The transmission charge determined by the “postage stamp” method is characteristic for the “out of the grid” energy trade. This method can be used in the case of many small and medium-sized customers, i.e., mainly in low and medium voltage distribution networks, where the degree of network utilization by all consumers is similar. Large consumers connected to high and extra-high voltage grids usually use the network to differing extents. Therefore, this disparity in network usage should be considered when calculating transmission charges for these customers, and a more suitable method should be chosen.

Power flow based methods are the methods where the allocation of transmission costs is based on certain physical quantities that reflect the actual degree of network utilization by individual customers. This group of methods includes the simple power flow based method (this name will be used in article) and the MW∙km (also called MW∙mile) method. The difference between these two approaches is that, in the MW∙km method, the degree of network utilization is determined using active power flows through individual network elements and quantities strictly related to the cost generated by these elements (e.g., for the transmission line, this is its length) [7,9,10,11]. On the other hand, in the simple power flow based method, the degree of network utilization is calculated only based on power flows through individual network elements [5]. This difference is discussed in detail in the following sections of the article.

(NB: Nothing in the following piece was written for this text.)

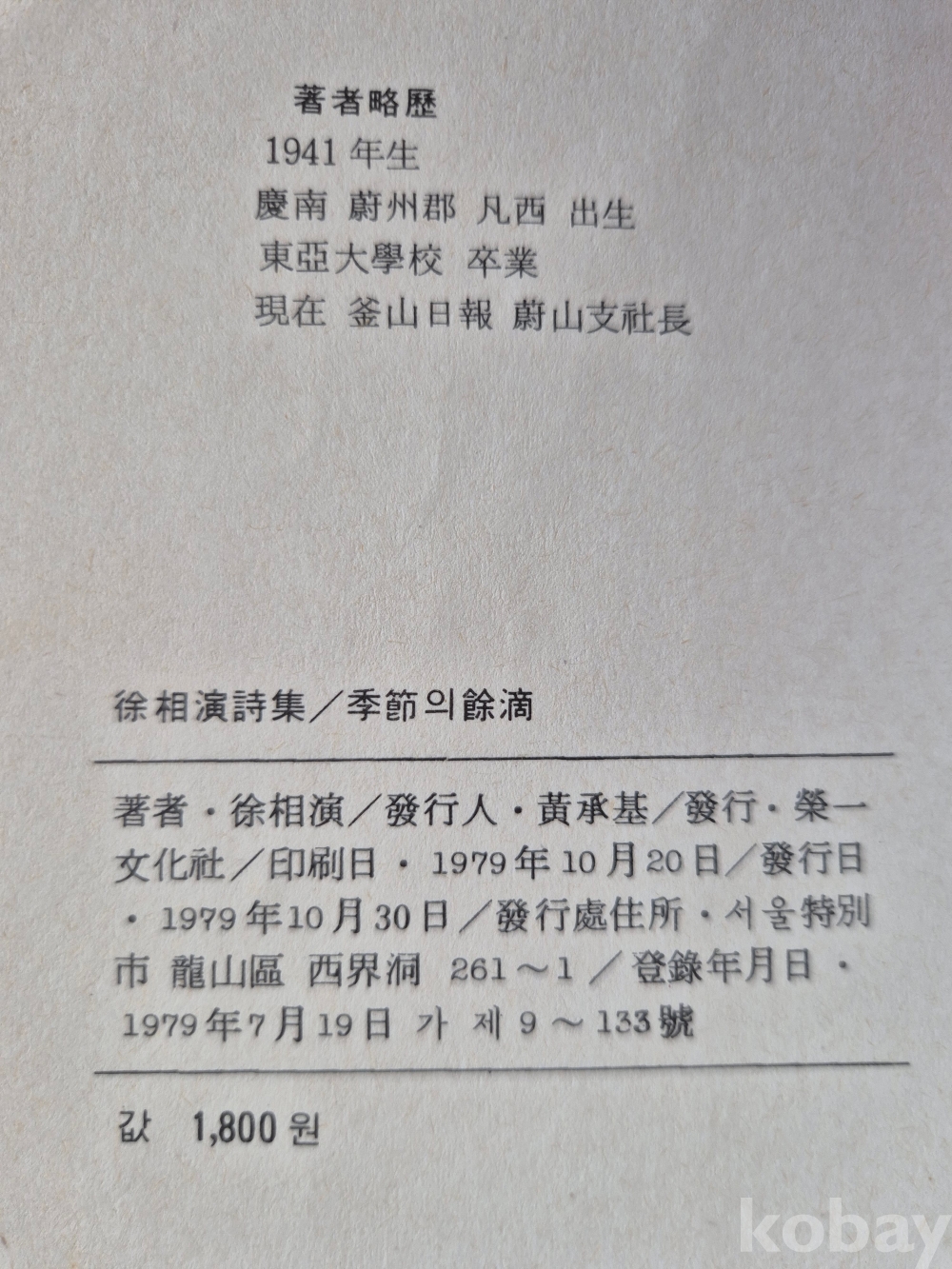1979년 발간한 첫 시집 『季節의 餘滴』

The last allocation methods listed in Table 1 are the marginal costs based methods. These methods allocate transmission costs to network users based on short-run (SRMCs) or long-run (LRMCs) marginal costs. In theory, these methods provide the best cost reflection and most correct price signals. However, in practice, in the SRMCs based method, the real values of SRMCs are corrected to balance the transmission fixed costs [10,12]. This correction may distort the price signals provided by SRMCs. In the LRMCs based method, the accurate calculation of LRMC is very difficult; therefore, some simplifications are often applied [10,13]. These simplifications can reduce the economic efficiency of this method. These features of the marginal costs based methods, combined with their high computational complexity, do not encourage their use in practice to determine fixed transmission charges. Therefore, they will not be analyzed in the article.

Table 2. Major advantages and drawbacks of various fixed costs allocation methods.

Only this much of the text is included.